Answer
$r=7169\text{mm}$.
Work Step by Step
Use distance formula,
$\begin{align}
& \sqrt{{{\left( -580-0 \right)}^{2}}+{{\left( 0-k \right)}^{2}}}=\sqrt{{{\left( 0-0 \right)}^{2}}+{{\left( 23.5-k \right)}^{2}}} \\
& \sqrt{\left( 336400+{{k}^{2}} \right)}=\sqrt{\left( 552.25+{{k}^{2}}-47k \right)}
\end{align}$
Squaring on both the sides of $\sqrt{\left( 336400+{{k}^{2}} \right)}=\sqrt{\left( 552.25+{{k}^{2}}-47k \right)}$
$\begin{align}
& 336400+{{k}^{2}}=552.25+{{k}^{2}}-47k \\
& 336400-552.25={{k}^{2}}-{{k}^{2}}-47k \\
& 335847.7=-47k \\
& \frac{335847.7}{47}=-k
\end{align}$
$k\approx -7145.7$
Center of the circle is $\left( 0,-7145.7 \right)$.
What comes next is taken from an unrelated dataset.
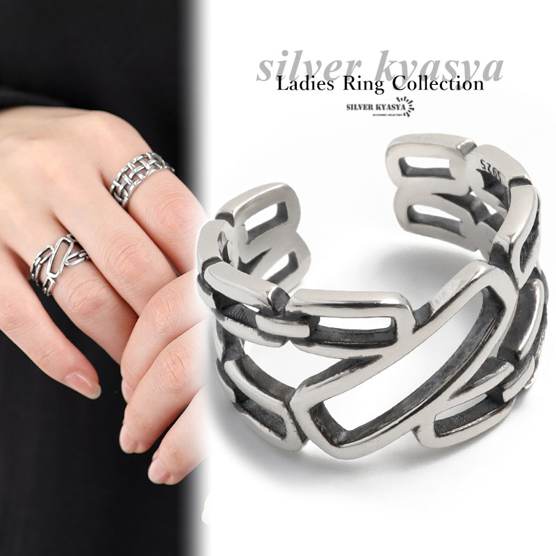 リング レディース シルバー925 フリーサイズ モダン チェーン モチーフ 二連 シルバー 銀色 指輪 金属アレルギー

For the radius, we use the distance formula between center of circle $\left( 0,-7145.7 \right)$ to the any point on board $\left( -580,0 \right),\left( 0,23.5 \right),\text{ and }\left( 580,0 \right)$
We use $\left( 0,23.5 \right)$
Put the center of circle $\left( 0,-7145.7 \right)$ and point $\left( 0,23.5 \right)$ in the standard equation of a circle ${{\left( x-h \right)}^{2}}+{{\left( y-k \right)}^{2}}={{r}^{2}}$.
$\begin{align}
& r=\sqrt{{{\left( 0-0 \right)}^{2}}+{{\left( -7145.7-23.5 \right)}^{2}}} \\
& r=7169\text{mm} \\
\end{align}$
Thus, the radius used for the edge of the snowboard is $r=7169\text{mm}$.